Internet-Draft       RTP Payload Format for HEVC           October 2012


7. Payload Format Parameters

   This section specifies the parameters that MAY be used to select
   optional features of the payload format and certain features of the
   bitstream.  The parameters are specified here as part of the media
   type registration for the HEVC codec.  A mapping of the parameters
   into the Session Description Protocol (SDP) [RFC4566] is also
   provided for applications that use SDP.  Equivalent parameters could
   be defined elsewhere for use with control protocols that do not use
   SDP.

   Some parameters provide a receiver with the properties of the stream
   that will be sent.  The names of all these parameters start with
   "sprop" for stream properties.  Some of these "sprop" parameters are
   limited by other payload or codec configuration parameters.  For
   example, the sprop-parameter-sets parameter is constrained by the
   profile-tier-level-id parameter.  The media sender selects all
   "sprop" parameters rather than the receiver.  This uncommon
   characteristic of the "sprop" parameters may be incompatible with
   some signaling protocol concepts, in which case the use of these
   parameters SHOULD be avoided.

7.1 Media Type Registration

   The media subtype for the HEVC codec is allocated from the IETF
   tree.

   The receiver MUST ignore any unspecified parameter.
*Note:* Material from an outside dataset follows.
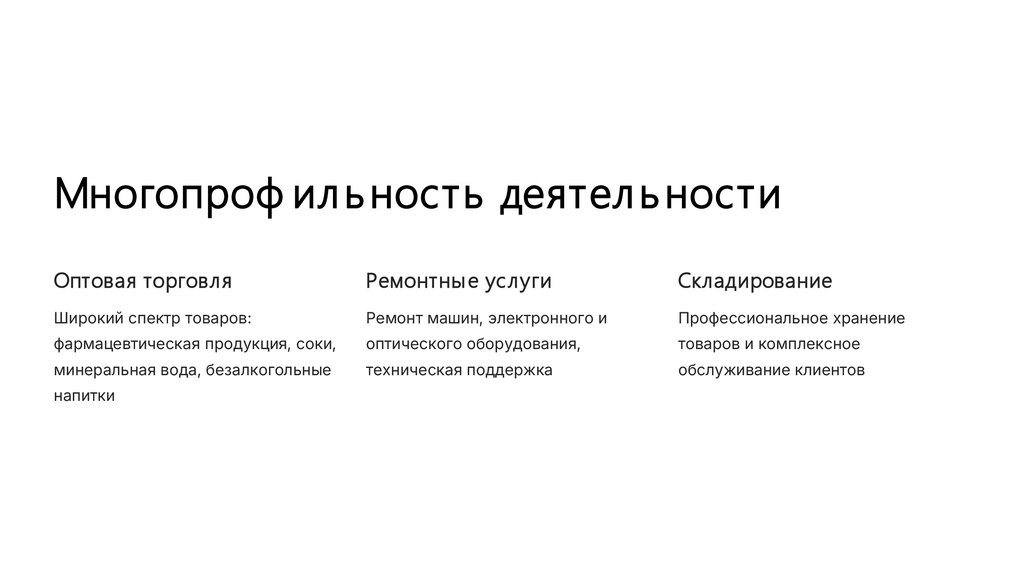 Многопроф ил ь ность деятел ь ностиОптовая торговля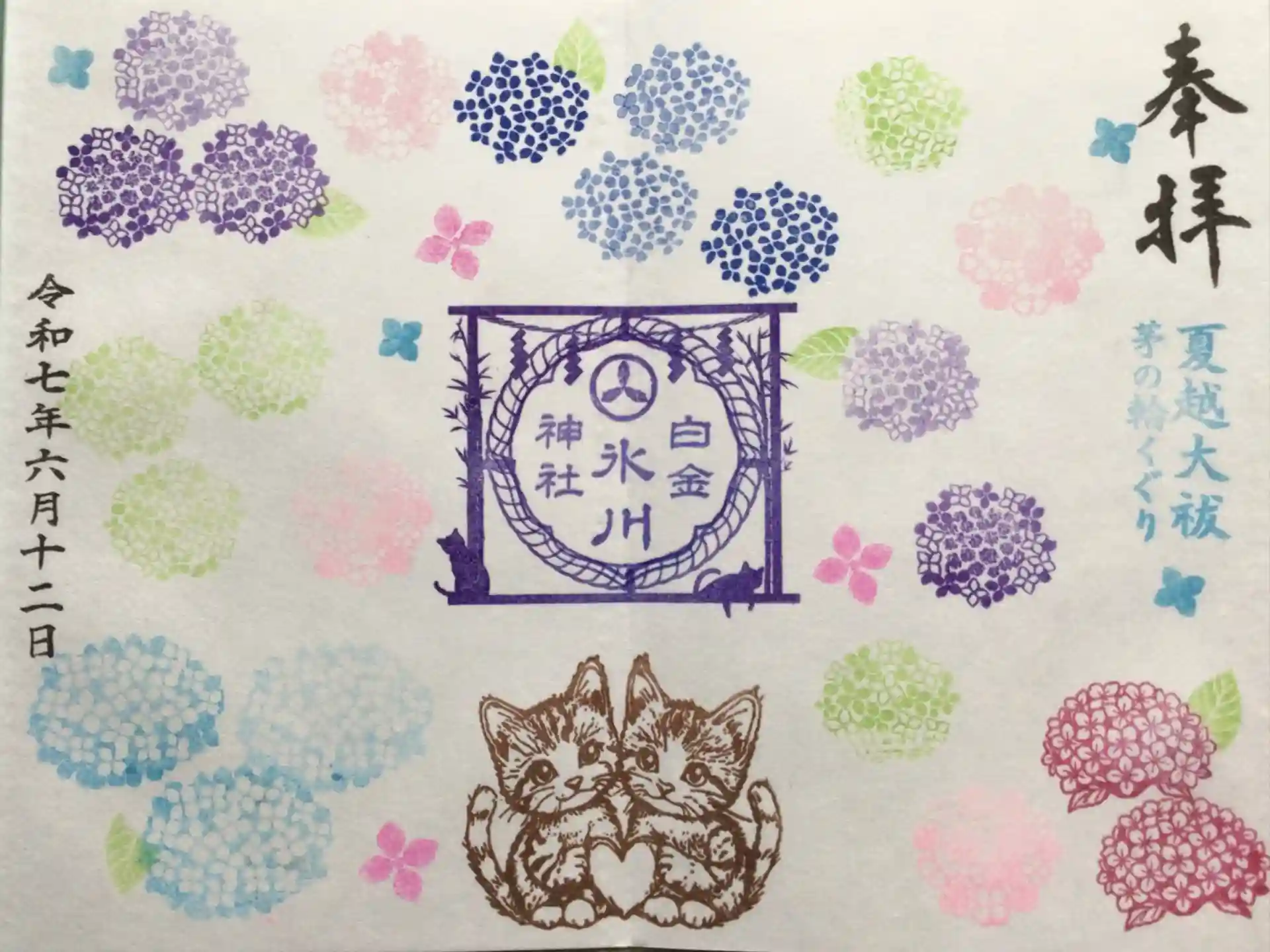 次の頁が左側半面だったので、こちらに、紫陽花とにゃんこの月替わり御朱印を頂いて、次の頁に見開きの御朱印を頂きました。

   Media Type name:     video

   Media subtype name:  H265

   Required parameters: none

   OPTIONAL parameters:

      In the following definitions of parameters, "the stream" or "the
      NAL unit stream" refers to all NAL units conveyed in the current
      RTP session in SST, and all NAL units conveyed in the current RTP
      session and all NAL units conveyed in other RTP sessions that the
      current RTP session depends on in MST.

      profile-tier-level-id:

      A base16 [7] (hexadecimal) representation of the following four
      bytes in the sequence parameter set or video parameter set NAL


Schierl, et al         Expires April 22, 2013                [Page 33]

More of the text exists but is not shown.